- [Stored items]:
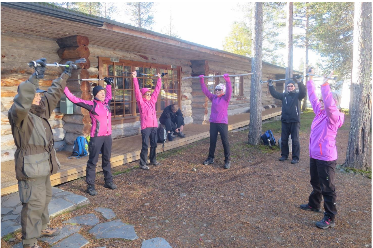
Venytellen vetreäksi
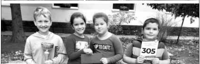
Október 19-én a Gyulai úti iskola kis csapata is részt vett a 26. Csabai Kolbászfesztiválon, a „Sarkadi Falatkák” különdíjasok lettek
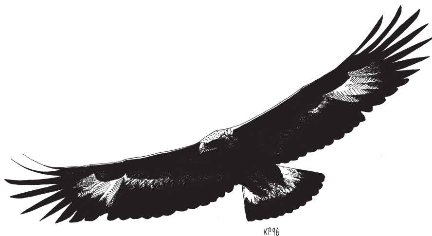
Rys. P. Kwiatkowski
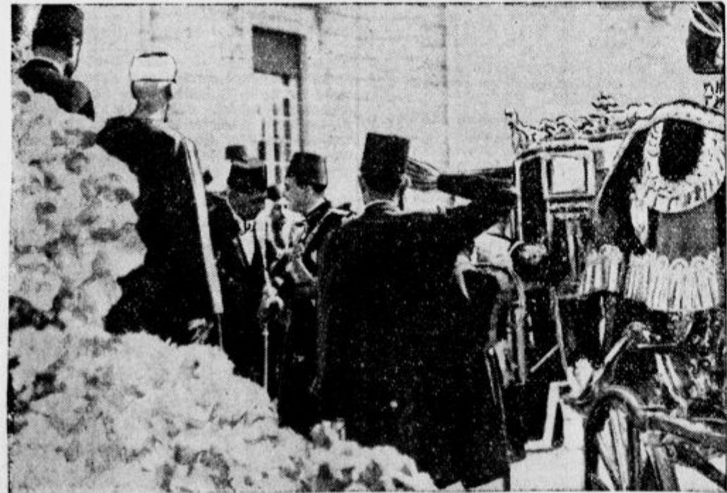
Mladi egiptovski kralj Faruk prihaja k začetnemu zasedanju egiptovskega parlamenta.
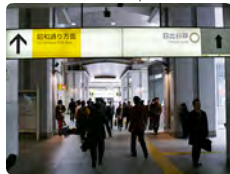
JR 아키하바라역 쇼와도오리 출구
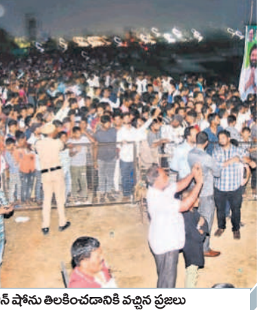
డ్రోన్ షోస్ ను అలకించడానికి వచ్చిన ప్రజలు
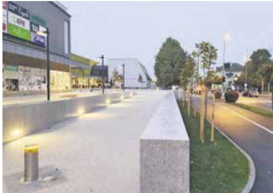
Prenovljena ploščad pred veleblagovnico

ške Bistrice. Od stadiona Domžale do Štude smo obrezali drevesa in odstranili naplavine na brežinah reke. Konec oktobra se zaključujejo tudi dela na brvi za pešce čez Dolško Mlinščico. Končana je sanacija
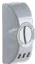
Надежное механическое управление
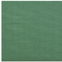
1502-14 VELOURS UNI - TURQUOISE *
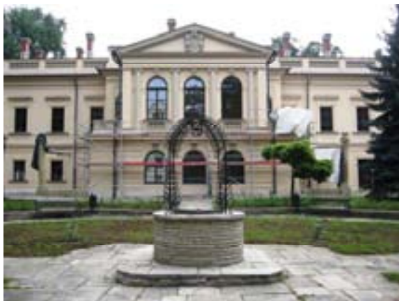
Ryc. 42 Palac Habsburgów w Żywcu

Prace w ramach projektu zostały podzielone na kilka etapów. Pierwszy obejmował Remont budynku Nowego Zamku i został zrealizowany w okresie 16.04.-15.11.2009 r.
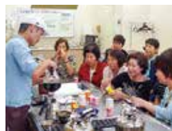
▲ 昨年の特別学習では、香り高いコーヒーを楽しみました。
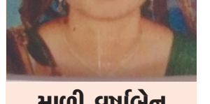
માળી વષભેન રમેશભાઈ રેડકોસ સોસાયટી, માહણસા
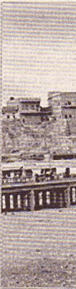
مدينة كركوك القديمة

ومن الملاحظ أن الارتضاع الحاد في مستويات العنف في المعدانية بعد آذار 2007 له أثر فيما يتعلق بالخيار الإداري لدى المجتمعات الضعيفة هناك. كما أن الوضع الأمني الصعب في العراق أثر بصورة مباشرة على التركيبة السكانية

- [What is needed]:
Reproduce each entry verbatim, excluding any embedded images.

- [Reply]:
Venytellen vetreäksi
Október 19-én a Gyulai úti iskola kis csapata is részt vett a 26. Csabai Kolbászfesztiválon, a „Sarkadi Falatkák” különdíjasok lettek
Rys. P. Kwiatkowski
Mladi egiptovski kralj Faruk prihaja k začetnemu zasedanju egiptovskega parlamenta.
JR 아키하바라역 쇼와도오리 출구
డ్రోన్ షోస్ ను అలకించడానికి వచ్చిన ప్రజలు
Prenovljena ploščad pred veleblagovnico

ške Bistrice. Od stadiona Domžale do Štude smo obrezali drevesa in odstranili naplavine na brežinah reke. Konec oktobra se zaključujejo tudi dela na brvi za pešce čez Dolško Mlinščico. Končana je sanacija
Надежное механическое управление
1502-14 VELOURS UNI - TURQUOISE *
Ryc. 42 Palac Habsburgów w Żywcu

Prace w ramach projektu zostały podzielone na kilka etapów. Pierwszy obejmował Remont budynku Nowego Zamku i został zrealizowany w okresie 16.04.-15.11.2009 r.
▲ 昨年の特別学習では、香り高いコーヒーを楽しみました。
માળી વષભેન રમેશભાઈ રેડકોસ સોસાયટી, માહણસા
مدينة كركوك القديمة

ومن الملاحظ أن الارتضاع الحاد في مستويات العنف في المعدانية بعد آذار 2007 له أثر فيما يتعلق بالخيار الإداري لدى المجتمعات الضعيفة هناك. كما أن الوضع الأمني الصعب في العراق أثر بصورة مباشرة على التركيبة السكانية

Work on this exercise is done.